TO DO »
Pictures stay out of the copy; output exactly the lines from the one containing "This is a hand-drawn" through the end of the material.

DATA UNDER STUDY »
· · · ·
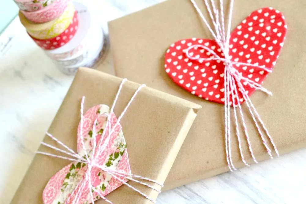 - Wrapping or craft paper is a safe, low-cost, eco-friendly material with which many ideas can be implemented. The twine, tapes from the atlas, figures from a tree or metal will serve as an excellent decor. You can use a newspaper, supplemented with a color ribbon.
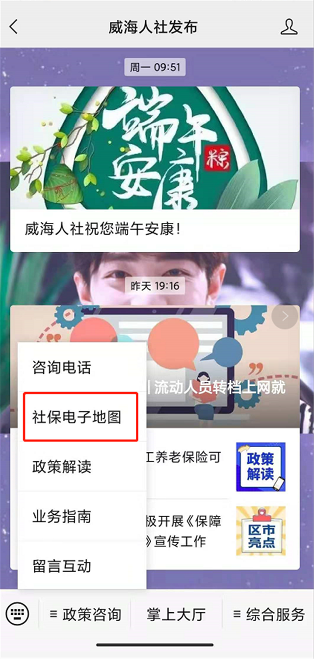 如果想了解附近哪里可以办社保业务,打开手机,进入“威海人社发布”微信公众号,点击最下方导航栏“政策咨询”,就可以找到“社保电子地图”专栏。
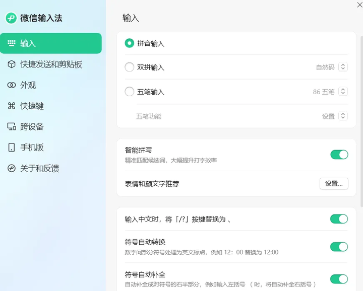 4.进入页面可以有很多设置,可以按自己喜欢的设置。输入支持:拼音、双拼、五笔等,也可以智能拼写,表情包等一系列的设置,还有很多设置,比如快捷键、外观皮肤主题等自己去体验
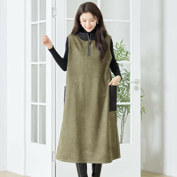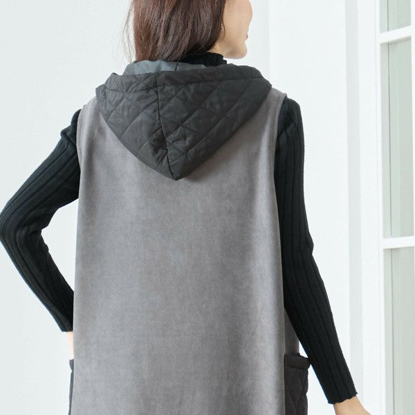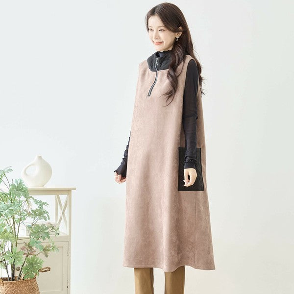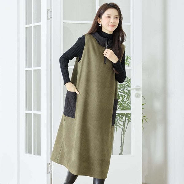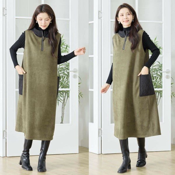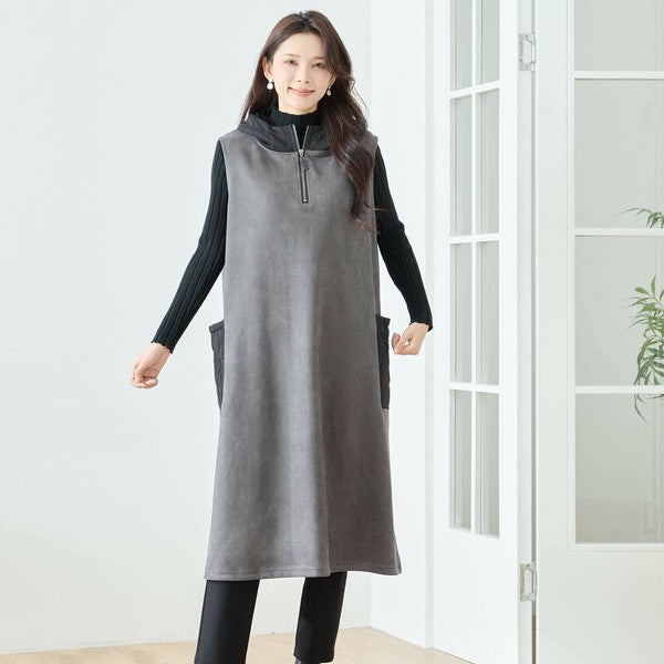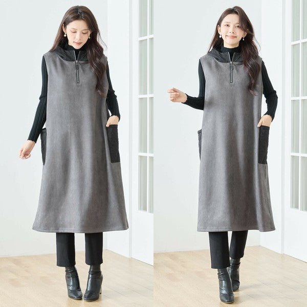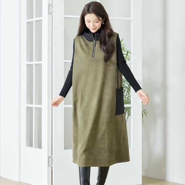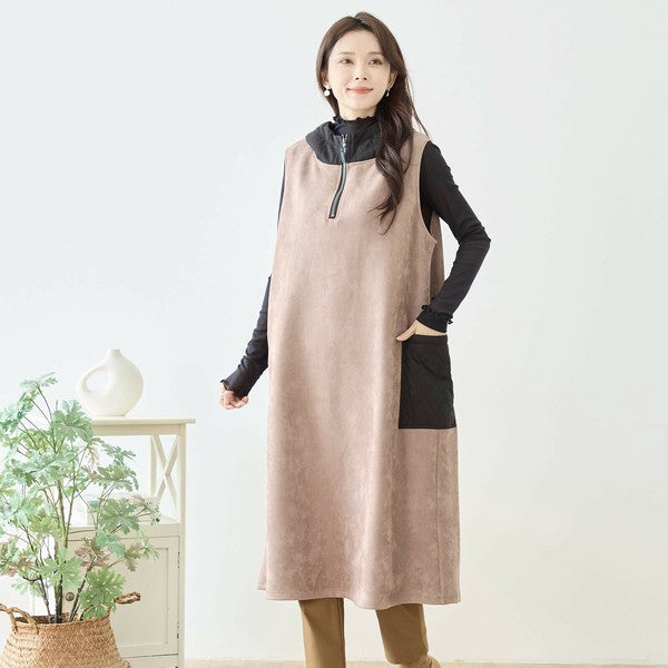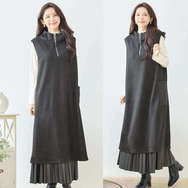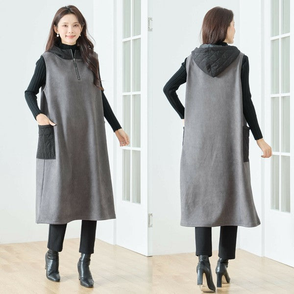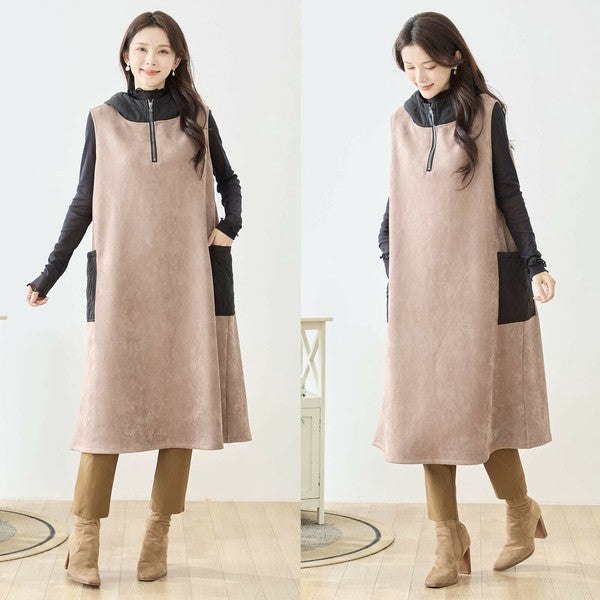 【M〜L】キルティングフードスエード調ジャンスカワンピース|異素材コンビ・体型カバー・TRUBE N83-217
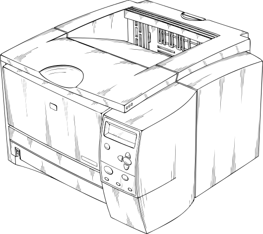 This is a hand-drawn illustration of an old-fashioned laser printer. It features a large, open box with the top removed to reveal its interior components. Inside the printer, there are several buttons and knobs that control various functions. These include a power button on the left side, a few smaller buttons in the middle, and two larger buttons towards the right side of the machine. The illustration is done in black and white, giving it an antique appearance.
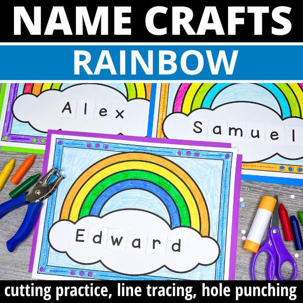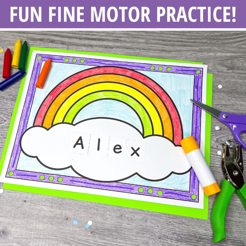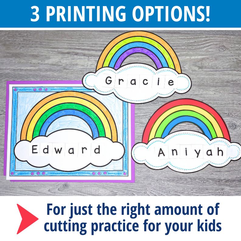 SPRING RAINBOW NAME CRAFT FOR PRESCHOOL & KINDERGARTEN - Looking for a fun St. Patrick's Day rainbow name craft that doubles as a name activity and cutting practice for your preschool or kindergarten kids? This editable rainbow name craft makes an adorable Spring, Summer, or St. Patrick's Day name project that helps kids practice name recognition, fine motor skills, and cutting — all in one engaging fall activity.
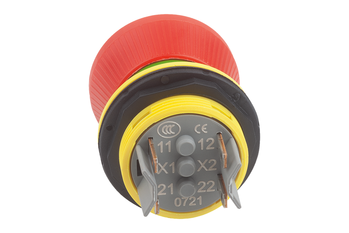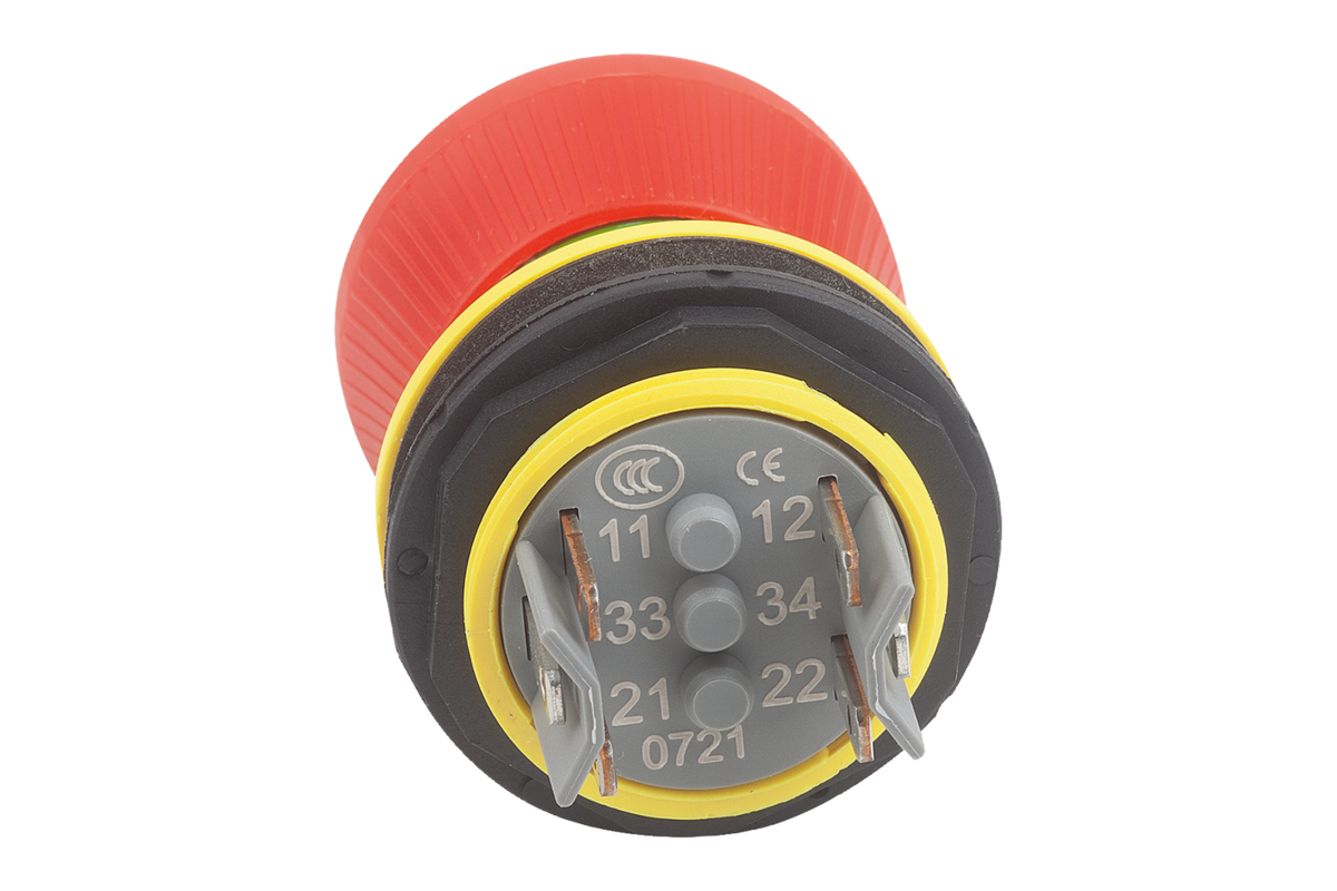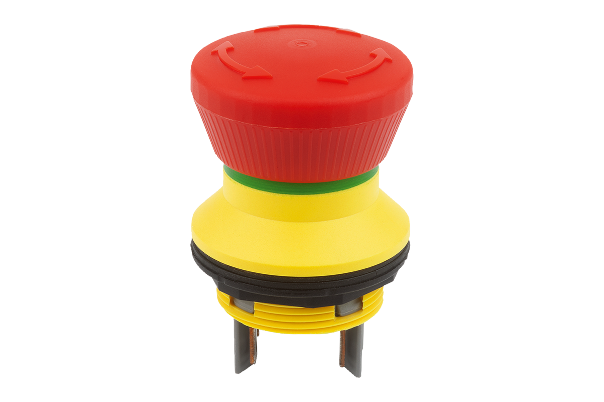 Pulsanti di emergenza servono per la disattivazione manuale di macchine e impianti in caso di pericolo. Il pulsante si blocca all'attivazione e può essere sbloccato ruotando verso destra o verso sinistra. Il pulsante rosso è posizionato su un fondo giallo. In tal modo è facilmente riconoscibile.
· · · ·
RESPONSE AREA »
 This is a hand-drawn illustration of an old-fashioned laser printer. It features a large, open box with the top removed to reveal its interior components. Inside the printer, there are several buttons and knobs that control various functions. These include a power button on the left side, a few smaller buttons in the middle, and two larger buttons towards the right side of the machine. The illustration is done in black and white, giving it an antique appearance.
 SPRING RAINBOW NAME CRAFT FOR PRESCHOOL & KINDERGARTEN - Looking for a fun St. Patrick's Day rainbow name craft that doubles as a name activity and cutting practice for your preschool or kindergarten kids? This editable rainbow name craft makes an adorable Spring, Summer, or St. Patrick's Day name project that helps kids practice name recognition, fine motor skills, and cutting — all in one engaging fall activity.
 Pulsanti di emergenza servono per la disattivazione manuale di macchine e impianti in caso di pericolo. Il pulsante si blocca all'attivazione e può essere sbloccato ruotando verso destra o verso sinistra. Il pulsante rosso è posizionato su un fondo giallo. In tal modo è facilmente riconoscibile.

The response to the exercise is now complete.